Don't design the skill first. Just delegate the task in conversation and refine with feedback until you like the result.

02

Freeze the good moment

The instant the output satisfies you, say: "Turn exactly what you just did into a skill I can reuse."

03

Refine in the next real use

Next time the task comes up, call the skill; if anything falls short, say "fix this part of the skill." Two or three rounds and the recipe fits your hand.

Two real-world workflow examples

Here's how the principles above combine in practice, using two common tasks.

Example 1: Meeting notes

Turning a recording transcript or raw notes into organized meeting minutes.

01

Put the source in your folder

Drop the transcript or handwritten notes into the work folder. If attendee information is sensitive, pseudonymize at this step.

02

Instruct with a specified format

"Turn this transcript into meeting minutes. Don't list chronologically — reorganize by topic, and for each topic: discussion → decisions → action items (owner, deadline). Mark anything not actually decided as 'proposal'."

03

Have it verified

"Cross-check whether anything in the minutes was added that isn't in the transcript. Also check whether anything recorded as a decision was actually left unresolved."

04

Freeze it as a skill

Once you like the format, say "turn this minutes format into a skill" — and from then on, one /minutes command repeats the same quality.

Example 2: Competitor monitoring

Semi-automating a weekly research routine.

01

Define the watch list in a document

Write the competitor list, the items to check (new products, price changes, job postings, press releases), and the output format into one file.
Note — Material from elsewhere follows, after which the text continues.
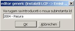 Pentru introducerea unui nou este de date, marcati inregistrarea S.C Rompetrol S.A Bucuresti - Rafinaria Vega de pe partea dreapta a Explorer-ului cu un dublu clic. In final veti fi intrebat asupra introducerii unei noi inregistrari. In Instalatii vor fi introduse unitati separate. Acestea pot fi atat o instalatie intreaga cat si mai multe instalatii, parti ale unei instalatii sau componente de instalatie insumate. Pentru setul de date dat exemplu in capitolul introduceti mai intai centrala termoelectrica si apoi cele cinci cazane cu aburi. |

This document becomes the standing brief for every weekly run.

02

Run the first pass conversationally

"Research according to this document's criteria. Summarize per company as 'changed / no change' first, then detail only the ones that changed. Attach a source link to every item."

03

Verify the sources

"Check each source link one by one — does it actually contain the claim attributed to it?" Skip this step in research work and plausible misinformation ends up in your report.

04

Make it a skill and call it weekly

Once the output format settles, freeze it as a skill and call it the same day every week. Hand it last week's result file and say "highlight only what changed since last week" to get a comparison report.

Wrapping up the series

CHECK — Part 3 in five points

  1. Make instructions specific along four axes — purpose, scope, format, example — as if delegating to a smart new hire
  2. One line — "ask me first if anything is unclear" — prevents off-target guessing
  3. Numbers and facts get a second pass with verification magic words — important ones in a fresh session
  4. Personal and confidential data: don't enter it, or pseudonymize first
  5. Repeats twice a month + fixed procedure + articulable quality bar = a task worth turning into a skill

That covers principles (part 1), the tool (part 2), and the craft (part 3). What remains is applying it to real work, one task at a time. Start small — any task you repeated even once today is the best starting point.